I used a picture with alpha channel and some section of image is not fully opaque. When I draw it on a TImgView32
object that sections get a little color from Clear()
color. Lets show it by a sample picture:
This is the original picture that you normally see in Photoshop:
And this is the result image when I draw it on a new layer in a GR32 object that I cleared it before with Clear($00FF0000);
:
The result is transparent like photohop one but that red halo is the problem.
Or another color with Clear($000000FF);
:
Note that as you know the color I used is fully transparent.
Here is the code I used to create above result:
begin
ImageList.Bitmaps.Add; //ImageList is a TBitmap32List object
LoadPNGintoBitmap32(ImageList.Bitmap[0], ImgPath+'test.png', DummyBool);
BL:= TBitmapLayer.Create(ImgView.Layers);
ImgID:=0;
ScaleFactor:= 1;
LayerPos:= Point(100, 100);
with ImageList.Bitmap[ImgID] do
ImageRect:= Rect(0, 0, Width, Height);
{Auxilary variables}
CanvasWidth:= ImageRect.Right{*2}; //Extending width for two icon.

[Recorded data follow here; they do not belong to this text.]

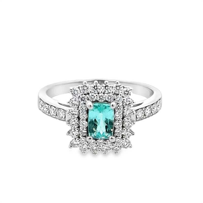 Be the first to review “Estate Paraiba Tourmaline Double Halo ring” Cancel reply
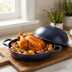 Táto smaltovaná liatinová forma s vekom je ideálna na chrumkavý domáci chlieb, dozlatista upečené kura aj šťavnaté pečienky. Spodná časť slúži ako priestranná liatinová panvica, zatiaľ čo vysoké veko zabezpečí rovnomerné prúdenie tepla a šetrné dusenie.
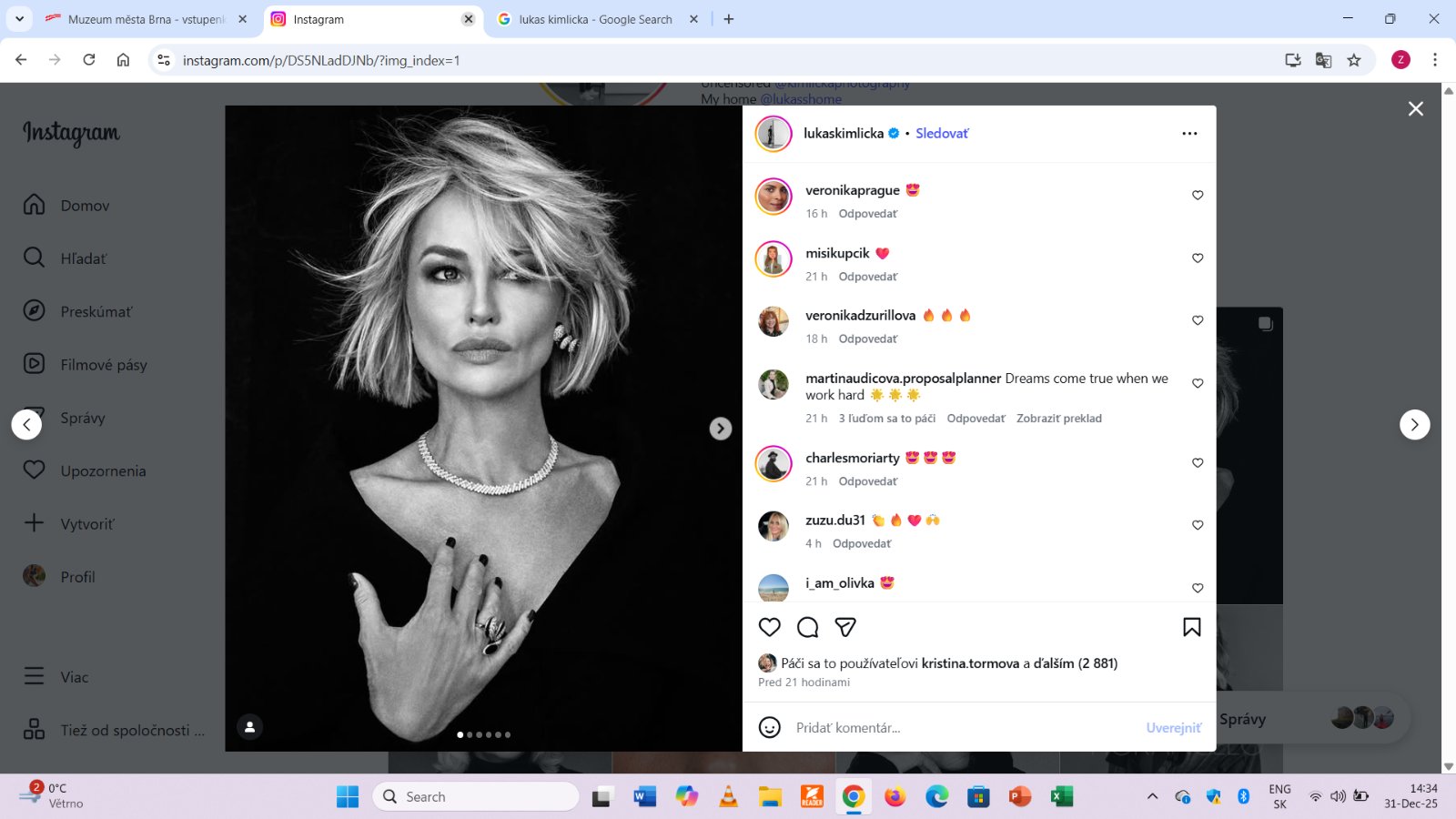 No ja som si pozerala po tom ako ma šoklo ( doslovne) to video s Krausom aj iné videá na YouTube. A môžem skonštatovať: 1. Ako mladá bola dokonala 2. Ešte pred pár rokmi vedela úplne plynule rozprávať po slovensky bez anglicizmov, bez afektovania, normálna milá baba 3. Videla som aj video s novým frajerom, jedna hrôza, vyzerá že jej úplne preplo, pubertáčka afektovana 4. Vzhľad v 50-tie nejdem hodnotiť, starneme všetci a ona má stále zákazky v modelingu a postavu má stále super. Na tvári už vidno vek ale 55 nie je 40 kde žena môže vyzerať ešte stále veľmi exkluzívne
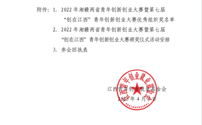4月11日,2022 年湘贛兩省青年創(chuàng)新創(chuàng)業(yè)大賽暨第七屆“創(chuàng)在江西”青年創(chuàng)新創(chuàng)業(yè)大賽頒獎(jiǎng)儀式在江西萍鄉(xiāng)安源區(qū)舉行。南昌頤高數(shù)字經(jīng)濟(jì)產(chǎn)業(yè)園榮獲大賽“優(yōu)秀組織獎(jiǎng)”稱(chēng)號(hào)。江西省政協(xié)副主席,工商聯(lián)主席謝茹,萍鄉(xiāng)市委副書(shū)記,代市長(zhǎng)熊運(yùn)浪,江西團(tuán)省委書(shū)記邱凌等出席。江西頤高總經(jīng)理陳鵬受邀參加并上臺(tái)領(lǐng)獎(jiǎng)。

CanvasHeight:= ImageRect.Bottom;
BL.Location:= FloatRect(
LayerPos.X,
LayerPos.Y,
LayerPos.X + CanvasWidth * ScaleFactor,
LayerPos.Y + CanvasHeight * ScaleFactor
);
with BL.Bitmap do
begin
{Init}
SetSize(CanvasWidth, CanvasHeight);
DrawMode:= dmBlend;
Clear($00FF0000);
{Insert image}
Draw(0, 0, ImageRect, ImageList.Bitmap[ImgID]);
end;
if ScaleFactor<>1 then
TDraftResampler.Create(BL.Bitmap); //BL.Bitmap, because we used "Draw" method
end;
How to avoid this and get a clear result like photoshop one?
As far as I can see it works as designed, provided you're using the cmBlend
combine mode. cmBlend
doesn't take the alpha of the background into account and, as the documentation states, should not be used to blend bitmaps:
cmBlend - Fast blending of foreground color with the background color using the supplied alpha. This method is not suited for working and preserving alpha-channels. Use this more if you want to blend directly to the display buffer.
Use the cmMerge
combine mode instead when both the foreground and the background alpha is significant.